## EXERCISE REQUIREMENTS
In the material below, find the line containing "座談會(huì)環(huán" and the line containing "Adalynn 18k Gold". Output those two lines and all lines between them exactly, without pictures.

## INPUT MATERIAL
--------------------------------

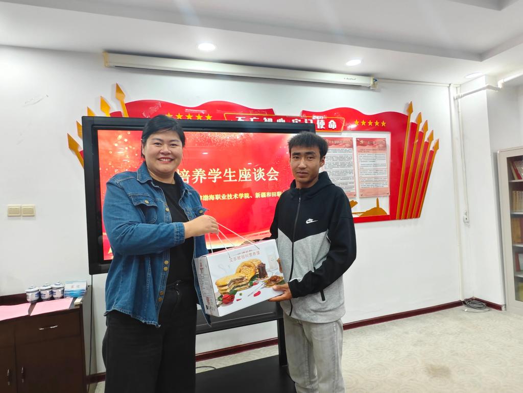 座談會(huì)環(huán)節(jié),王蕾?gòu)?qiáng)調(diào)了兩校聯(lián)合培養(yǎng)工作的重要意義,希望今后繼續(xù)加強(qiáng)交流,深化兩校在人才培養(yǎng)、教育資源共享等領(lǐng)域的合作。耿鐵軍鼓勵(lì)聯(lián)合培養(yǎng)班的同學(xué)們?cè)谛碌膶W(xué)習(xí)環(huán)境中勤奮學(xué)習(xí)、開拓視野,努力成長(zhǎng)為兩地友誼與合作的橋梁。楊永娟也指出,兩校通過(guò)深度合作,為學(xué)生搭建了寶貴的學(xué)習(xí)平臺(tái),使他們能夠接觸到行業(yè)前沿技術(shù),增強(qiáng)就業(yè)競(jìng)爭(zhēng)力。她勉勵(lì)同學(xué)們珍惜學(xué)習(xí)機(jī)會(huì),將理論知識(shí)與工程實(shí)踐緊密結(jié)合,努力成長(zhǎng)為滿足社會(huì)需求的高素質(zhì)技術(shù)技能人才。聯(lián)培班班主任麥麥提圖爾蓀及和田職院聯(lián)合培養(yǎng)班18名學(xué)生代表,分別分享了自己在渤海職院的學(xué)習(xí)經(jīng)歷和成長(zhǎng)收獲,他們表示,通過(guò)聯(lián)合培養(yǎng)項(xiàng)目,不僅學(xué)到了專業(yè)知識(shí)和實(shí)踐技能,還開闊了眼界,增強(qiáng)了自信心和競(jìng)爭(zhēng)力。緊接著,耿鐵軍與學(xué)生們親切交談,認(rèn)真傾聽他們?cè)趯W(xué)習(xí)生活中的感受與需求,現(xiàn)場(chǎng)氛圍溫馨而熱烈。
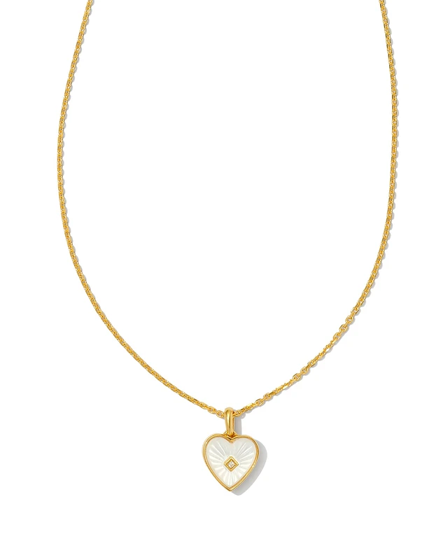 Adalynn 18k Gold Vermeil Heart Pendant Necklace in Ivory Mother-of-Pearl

--------------------------------

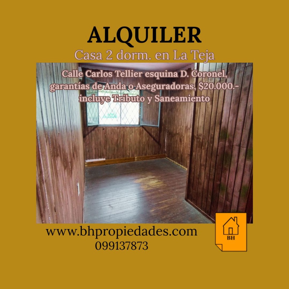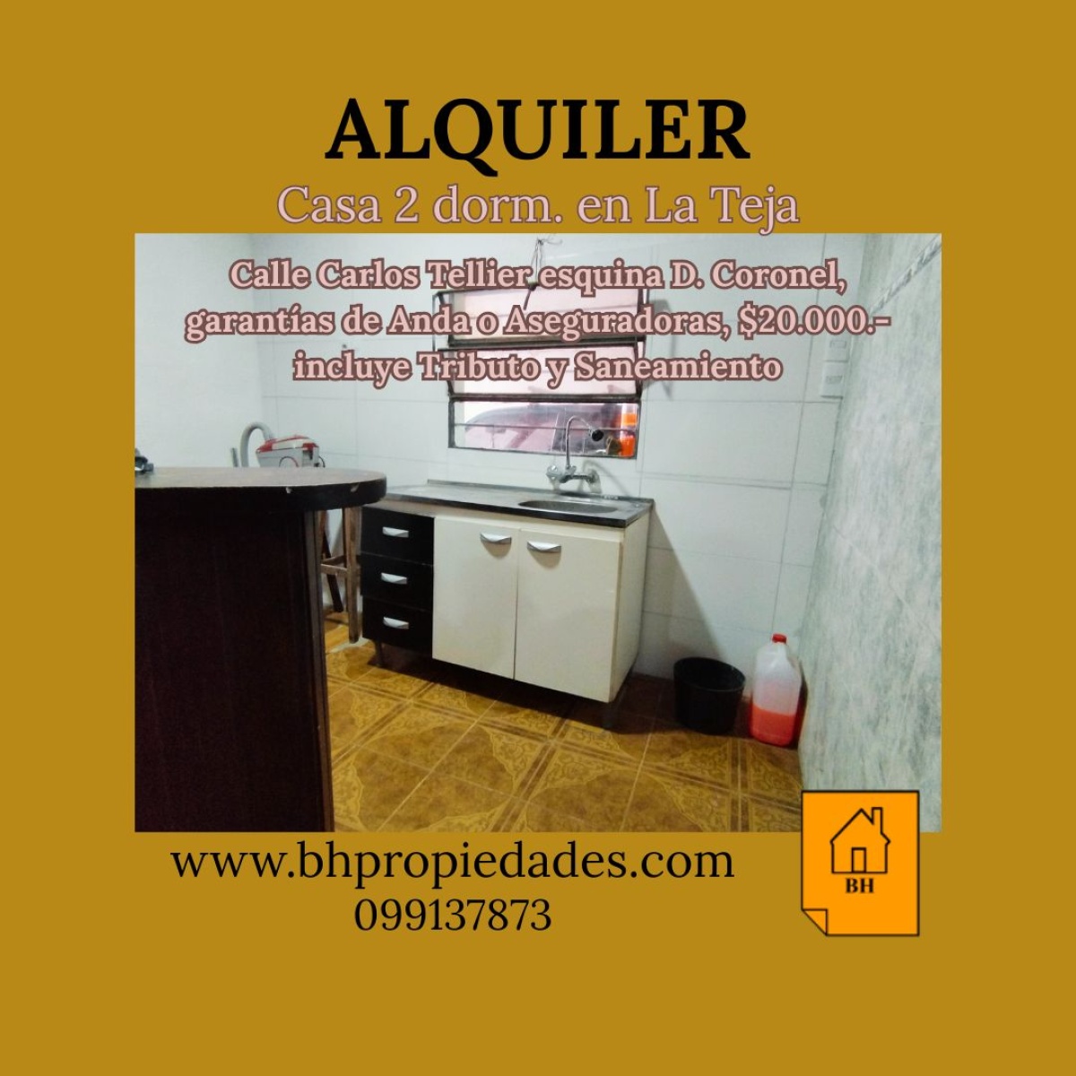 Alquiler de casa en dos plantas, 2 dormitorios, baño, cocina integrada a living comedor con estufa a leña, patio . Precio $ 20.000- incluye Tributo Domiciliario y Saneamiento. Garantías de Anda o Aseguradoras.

--------------------------------

## COMPLETED TASK
 座談會(huì)環(huán)節(jié),王蕾?gòu)?qiáng)調(diào)了兩校聯(lián)合培養(yǎng)工作的重要意義,希望今后繼續(xù)加強(qiáng)交流,深化兩校在人才培養(yǎng)、教育資源共享等領(lǐng)域的合作。耿鐵軍鼓勵(lì)聯(lián)合培養(yǎng)班的同學(xué)們?cè)谛碌膶W(xué)習(xí)環(huán)境中勤奮學(xué)習(xí)、開拓視野,努力成長(zhǎng)為兩地友誼與合作的橋梁。楊永娟也指出,兩校通過(guò)深度合作,為學(xué)生搭建了寶貴的學(xué)習(xí)平臺(tái),使他們能夠接觸到行業(yè)前沿技術(shù),增強(qiáng)就業(yè)競(jìng)爭(zhēng)力。她勉勵(lì)同學(xué)們珍惜學(xué)習(xí)機(jī)會(huì),將理論知識(shí)與工程實(shí)踐緊密結(jié)合,努力成長(zhǎng)為滿足社會(huì)需求的高素質(zhì)技術(shù)技能人才。聯(lián)培班班主任麥麥提圖爾蓀及和田職院聯(lián)合培養(yǎng)班18名學(xué)生代表,分別分享了自己在渤海職院的學(xué)習(xí)經(jīng)歷和成長(zhǎng)收獲,他們表示,通過(guò)聯(lián)合培養(yǎng)項(xiàng)目,不僅學(xué)到了專業(yè)知識(shí)和實(shí)踐技能,還開闊了眼界,增強(qiáng)了自信心和競(jìng)爭(zhēng)力。緊接著,耿鐵軍與學(xué)生們親切交談,認(rèn)真傾聽他們?cè)趯W(xué)習(xí)生活中的感受與需求,現(xiàn)場(chǎng)氛圍溫馨而熱烈。
 Adalynn 18k Gold Vermeil Heart Pendant Necklace in Ivory Mother-of-Pearl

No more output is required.